Abstract
This article deals with numerical modeling of dolomite behavior and fracture under dynamic compressive loading. The dolomite was modelled using the Karagozian and Case Concrete (KCC) constitutive model, for which a calibration procedure was also briefly described. The constants for the KCC model were determined based on the literature data and experimental tests performed within a wide range of pressures and strain rates. The Dynamic Increase Factor (DIF) which is a scaling factor for KCC strength surfaces, was also determined and implemented. Numerical simulation of a dynamic uniaxial test using Split Hopkinson Pressure Bar (SHPB) was performed with a good quantitative and qualitative correlation. Moreover, an 30 % increase in the maximum strength, compared to quasi-static test results, was observed.
Rocks are the main component of the Earth's crust. Depending on the forming method and the occurrence region (the influence of atmosphere conditions), their appearance and properties may significantly varies. Over the past decades, the rapid development of numerical and computational methods has caused an increased interest in field of rock modelling.
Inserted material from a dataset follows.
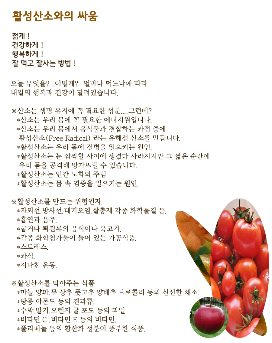 노화로 인한 여러 증상을 예방해 주어 젊음 유지에도 많은 도움이 됩니다.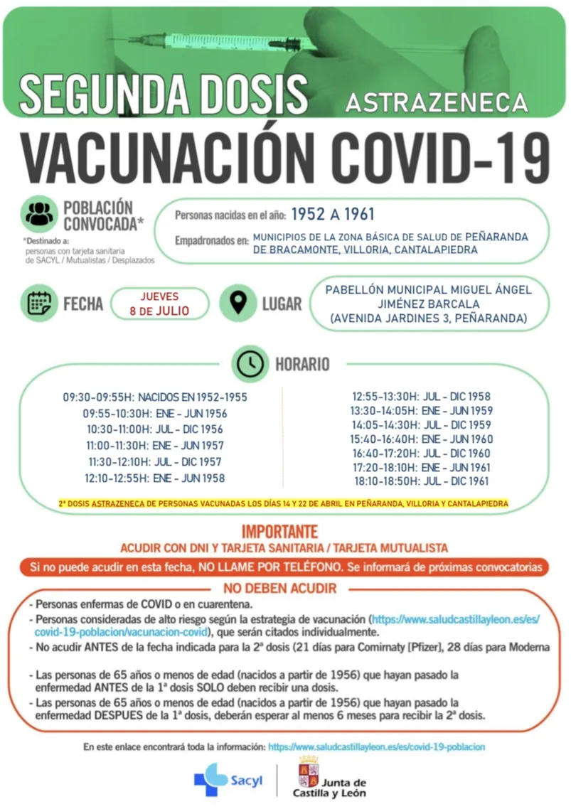 segunda dosis de la vacuna AstraZeneca para los nacidos de 1952 a 1961 y que

The main reason for this fact is a constant pursuit of safety improvement in civil engineering (transportation infrastructure) and cost reduction in mining industries (related to the large amount of explosives used for the crushing of rock masses). The most commonly used numerical algorithm is Finite Element Method that allows e.g. for calculation of stress distribution near boundaries of tunnels or caves, verification of the stability of mountain slopes, etc. This method is often applied for optimization of borehole distribution that can maximize the amount of excavated rocks with the reduced use of explosive materials (Wang et al., 2018; Baranowski et al. 2019).
Numerical modeling of rocks is a demanding task due to their complex nature: they contains pores, voids, micro and macro cracks, anisotropy of strength properties for different loading directions, relatively high sensitivity for strain rates and occurrence of dilatation effects, etc. (Hudson et al., 2000). It is challenging task to consider all of those phenomena in modelling, therefore, some simplifications are necessary. The most popular approach to rock modeling includes a usage of constitutive models that can reproduce the above phenomena (Holmquist, 1993; Malvar et al. 1997; Berg et al., 2004), adaptation of discrete methods (Lisjak, 2014), implementation of meshless methods (Nguyen et al., 2016), etc. However, reliable modeling of rocks requires a complex characterization of their mechanical properties assessed during experimental testing according to ISRM standards (Hudson et al., 2007).